Call for Chapters: Schools and national identities in French-speaking Africa: political choices, means of transmission, and appropriation

Routledge

Call for book chapter contributions:

Schools and national identities in French-speaking Africa: political choices, means of transmission, and appropriation

Editors:

Linda Gardelle, ENSTA Bretagne (FR)

Camile Jacob, University of Portsmouth (UK)

Please send a one-page outline of your proposal for a 5,000-6,000 words contribution to the volume by 4 May to linda.gardelle@ensta-bretagne.fr and camille.jacob@port.ac.uk.

Authors will be notified by 20 May, and full chapters will be due on 18 August 2019.

The volume will be published by Routledge in the Series “Perspectives on Education in Africa” in 2020.

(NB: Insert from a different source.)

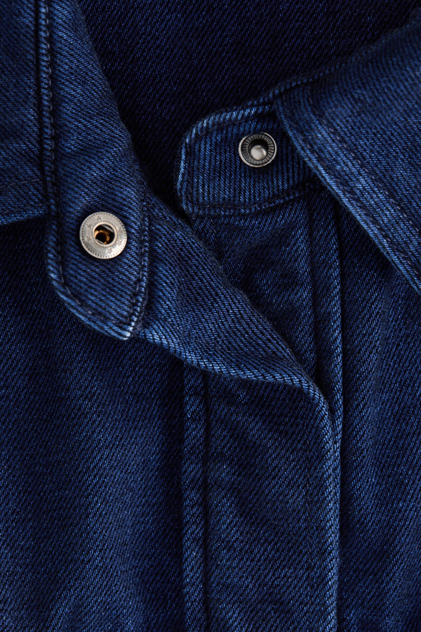Shirt in rigid cotton denim with a collar, concealed press-studs down the front and flap chest pockets. Relaxed fit with a yoke at the front and back, dropped shoulders and a rounded hem.

The aim of this volume is to provide an in-depth and transdisciplinary understanding of the role of schools in the various processes of identity-building, and to showcase research from and about countries outside the former British empire, either as individual case studies or through a comparative framework within or beyond the continent. It will include contributions focusing on the multiple and changing role of schools in the construction of collective identities and the (re)production of national imaginings in francophone Africa. It will also consider how different actors (media, diasporas, social networks, religious communities) shape the appropriation, formulation and implementation of curriculums and discourses about education. Chapters can be empirical or theoretical, based on one case study or on comparative work, and should reflect critically and reflexively on the data, methodologies or conceptual frameworks used. While the term “Francophone Africa” is problematic, erasing the multilingual and translingual realities and reproducing a Euro-centric lens, there is comparatively little published in English on countries which were not formerly colonised by Britain, and the particularities of French and Belgian colonial rules and continued French influence is helpful in providing an initial focus. This volume which will be published in the Routledge series “Perspectives on Education in Africa” and aims to foreground research from countries often overlooked in Anglophone publications. Chapters questioning the relevance of this colonial frame of dividing the continent, whether through comparative or single case studies, are encouraged.